» **WORK REQUEST**
Make a verbatim copy of the entries below; pictures stay out.

[Recorded data]
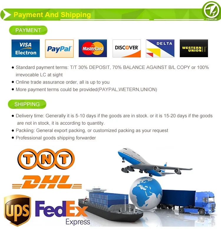 A: Payment<=3000USD, 100% in advance. Payment>=3000USD, 30% T/T in advance ,balance before shippment.
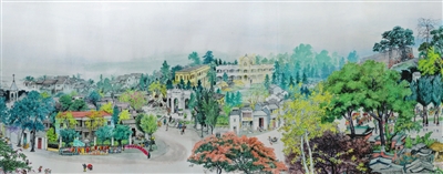 邓振铃作品《故园忆旧图》局部,中山县立中学原址,现在的中山开放大学。
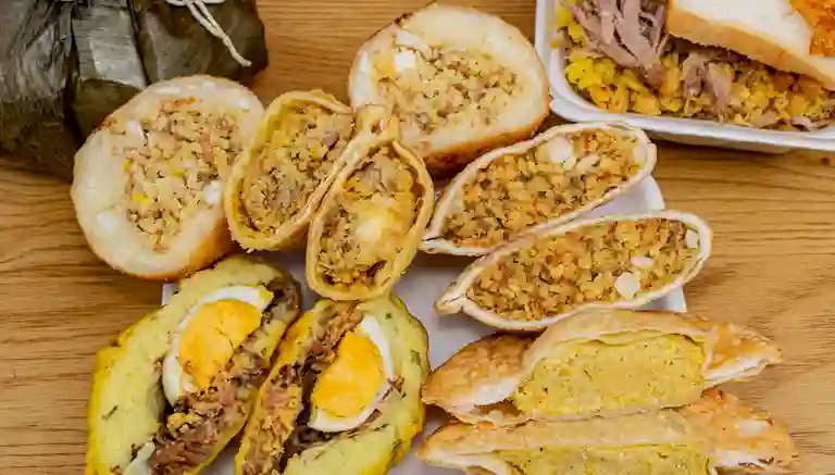 Tamal tolimense de masa de maíz con carne, arroz, arveja y sazón tradicional colombiano envuelto en hoja de plátano.
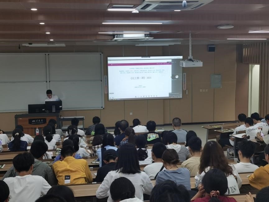 为了提高william威廉英国官网2021级本科生的专业认知和专业兴趣,2021年9月17日(周五)晚19:00-20:30,在江安校区综C304和306教室,william威廉英国官网组织370名新生通过分会场腾讯会议参加了2021年“化工第一课”活动。本次活动由中国化工学会联合国内知名高校推出,从“化工学什么、化工干什么”等方面拓展了新同学的视野,让同学们了解了化学工程在经济建设和日常生活中的重要性,有效地提高了同学们投身化工事业的积极性,使同学们受益深远。本次活动的主办单位是中国化工学会,承办单位是浙江大学(主会场线下讲座形式),发起单位是包括我校在内的清华、浙大、哈工大等一系列国内名校(分会场采取腾讯会议线上直播)。
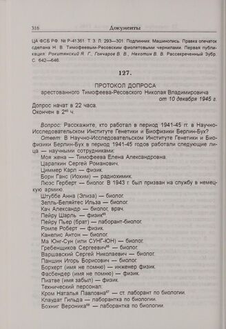 Протокол допроса Н.В. Тимофеева-Ресовского. 10 декабря 1945 г. // ЦА ФСБ РФ. № Р-41361. Т. 1. Л. 59-61об. — подлинник, Л. 57-59об. — машинописная копия.

» **COMPLETED EXERCISE**
 A: Payment<=3000USD, 100% in advance. Payment>=3000USD, 30% T/T in advance ,balance before shippment.
 邓振铃作品《故园忆旧图》局部,中山县立中学原址,现在的中山开放大学。
 Tamal tolimense de masa de maíz con carne, arroz, arveja y sazón tradicional colombiano envuelto en hoja de plátano.
 为了提高william威廉英国官网2021级本科生的专业认知和专业兴趣,2021年9月17日(周五)晚19:00-20:30,在江安校区综C304和306教室,william威廉英国官网组织370名新生通过分会场腾讯会议参加了2021年“化工第一课”活动。本次活动由中国化工学会联合国内知名高校推出,从“化工学什么、化工干什么”等方面拓展了新同学的视野,让同学们了解了化学工程在经济建设和日常生活中的重要性,有效地提高了同学们投身化工事业的积极性,使同学们受益深远。本次活动的主办单位是中国化工学会,承办单位是浙江大学(主会场线下讲座形式),发起单位是包括我校在内的清华、浙大、哈工大等一系列国内名校(分会场采取腾讯会议线上直播)。
 Протокол допроса Н.В. Тимофеева-Ресовского. 10 декабря 1945 г. // ЦА ФСБ РФ. № Р-41361. Т. 1. Л. 59-61об. — подлинник, Л. 57-59об. — машинописная копия.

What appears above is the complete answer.